- _Recorded data_
----

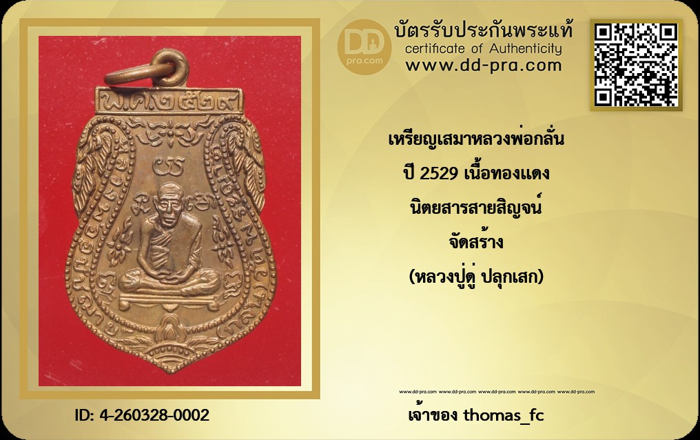 ปี 2529 เนื้อทองเเดง นิตยสารสายสิญจน์ จัดสร้าง (หลวงปู่ดู่ ปลุกเสก)
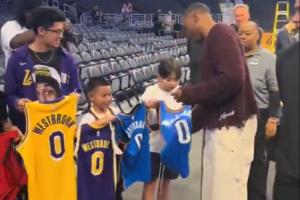 相關(guān)閱讀:國王新援!威少到場觀戰(zhàn) 與湖人助教布魯克斯開心交流
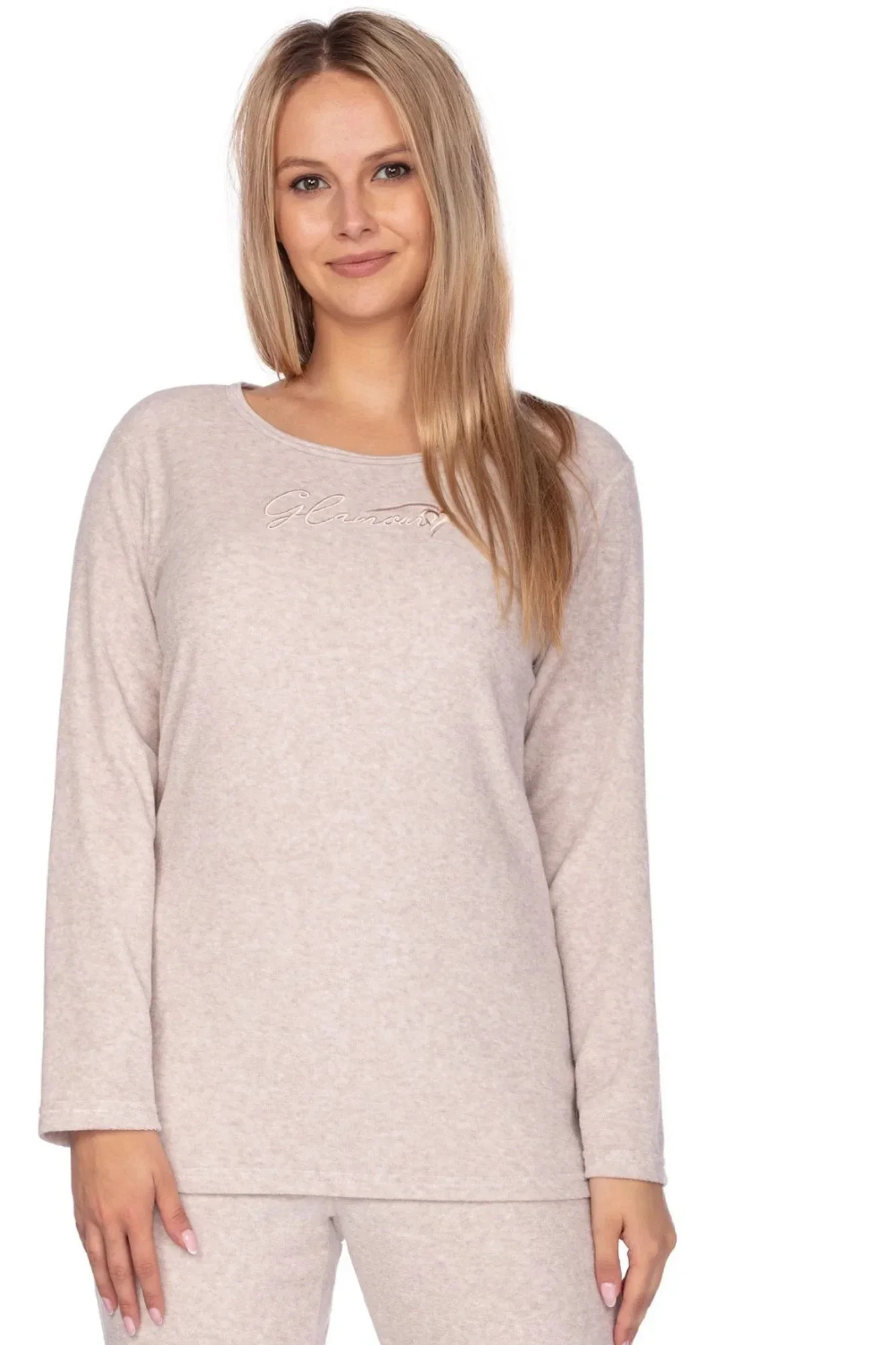 Dámské pyžamo 643 beige REGINA - z vysoce jakostní froté bavlny - béžové tričko s dlouhými rukávy - na přední straně zdobené nášivkou - dlouhé jednobarevné kalhoty béžové barvyMateriálové složení: 80% bavlna + 20% polyester

----

- _Problem to solve_
Each line of the material needs to be given again exactly, without any of its pictures.

- _Solution to the problem_
 ปี 2529 เนื้อทองเเดง นิตยสารสายสิญจน์ จัดสร้าง (หลวงปู่ดู่ ปลุกเสก)
 相關(guān)閱讀:國王新援!威少到場觀戰(zhàn) 與湖人助教布魯克斯開心交流
 Dámské pyžamo 643 beige REGINA - z vysoce jakostní froté bavlny - béžové tričko s dlouhými rukávy - na přední straně zdobené nášivkou - dlouhé jednobarevné kalhoty béžové barvyMateriálové složení: 80% bavlna + 20% polyester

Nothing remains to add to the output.